2016-01-21 2:54 GMT+01:00 Andrew Barnert <abarn...@yahoo.com>:
> This idea worries me. I'm not sure why, but I think because of threading. 
> After all, it's pretty rare for two threads to both want to work on the same 
> dict, but very, very common for two threads to both want to work on _any_ 
> dict. So, imagine someone manages to remove the GIL from CPython by using 
> STM: (...)

That's a huge project :-) PyPy works one this, but PyPy is not CPython.

> (...) now most transactions are bumping that global counter, meaning most 
> transactions fail and have to be retried,

Python has atomic types which work well with multiple concurrent threads.

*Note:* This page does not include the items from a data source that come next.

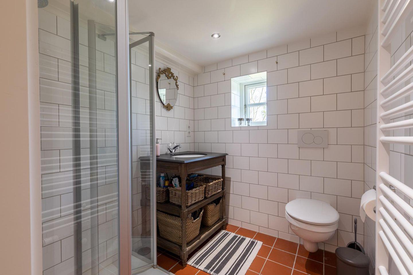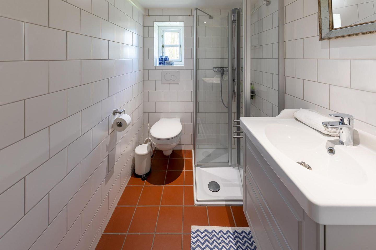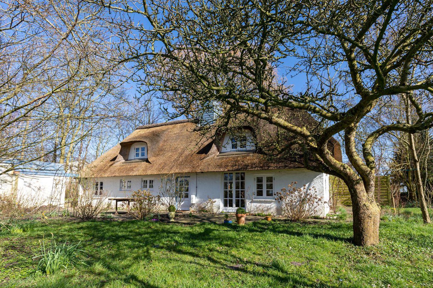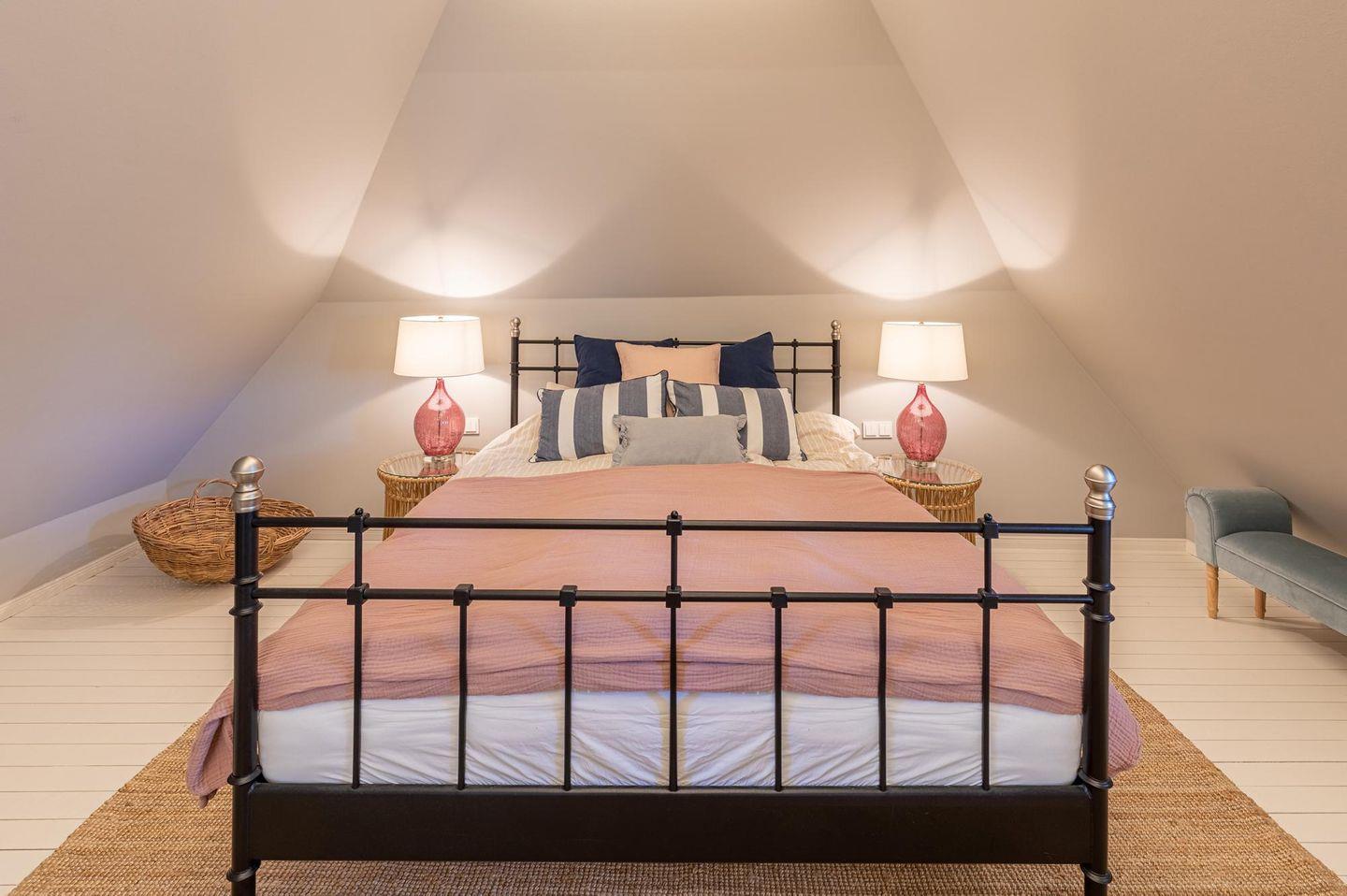 Das liebevoll sanierte Reetdachhaus kombiniert einen gemütlichen Landhausstil mit modernen Elementen. Der offen gestaltete Ess- und Wohnzimmerbereich mit integrierter Küche gestaltet das Erdgeschoss großzügig. Die neue, gut ausgestattete Küche mit Kücheninsel verfügt über ein Cerankochfeld und einen Geschirrspüler. Gleichzeitig erzeugt der gusseiserne, schwedische Ofen im Wohnzimmer eine gemütliche Atmosphäre. Das Erdgeschoss beinhaltet zudem ein Schlafzimmer mit Doppelbett sowie zwei moderne Duschbäder mit Fußbodenheizung. Zwei weitere Doppelbettschlafzimmer befinden sich im Obergeschoss. Alle Betten im Haus haben eine Breite von 1,60 m.
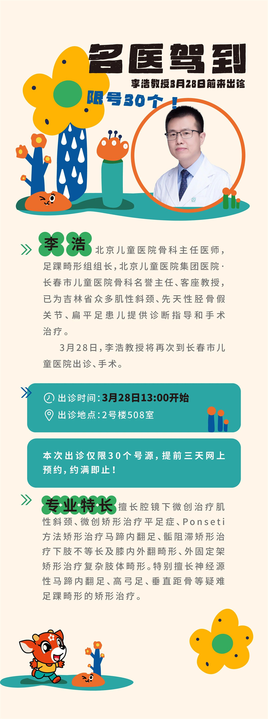 3月28日,北京儿童医院李浩、田军两位教授来长出诊! 儿童医院 |2025-03-21 13:57 上一篇让孩子睡个好觉,世界睡眠日惠民活动来啦! 下一篇3月28日,听儿医权威解答儿童中耳炎问题! 返回列表 相关信息 限号20个,北京儿童医院骨科专家李浩教授1月3日来长出诊,提前3天预约! 2024-12-26 限号15个!速约!北京儿童医院泌尿外科专家田军教授12月20日来长出诊 2024-12-12 出诊预告丨北京儿童医院骨科专家李浩教授24日来长出诊、手术 2024-05-17 定了!“北儿”骨科专家李浩教授12月15日来长出诊、手术 2023-12-08 新年健康礼!“北儿”骨科专家李浩教授1月5日来长出诊、手术 2024-01-01
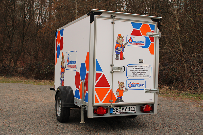 Auf dem Spieleanhänger ist alles praktisch verstaut und ihr habt sogar noch Platz eigene Materialien damit zu transportieren. Zu eurer Sicherheit findet ihr einen Erste-Hilfe-Kasten, eine Pflasterbox und eine Löschdecke. Für die Gemütlichkeit gibt es auch noch eine Biertischgarnitur.

> And that also affects something like PyPy being able to use FAT-Python-style 
> AoT optimizations via cpyext.

I don't think that using a static optimizer with PyPy  makes sense.
Reminder that a dynamic optimize (JIT compiler) beats a static
compiler on performance ;-)

PyPy has a very different design, it's a very bad idea to implement
optimizations on cpyext which is emulated and known to be slow.

> Is there a way to define this loosely enough so that the implementation _can_ 
> be a single global counter, if that turns out to be most efficient, but can 
> also be a counter per dictionary and a globally-unique ID per dictionary?

I don't see how a single global counter for all dictionary can be used
to implement fast guards on namespaces. See the rationale of the PEP
509: I wrote it to implement fast guards on namespaces.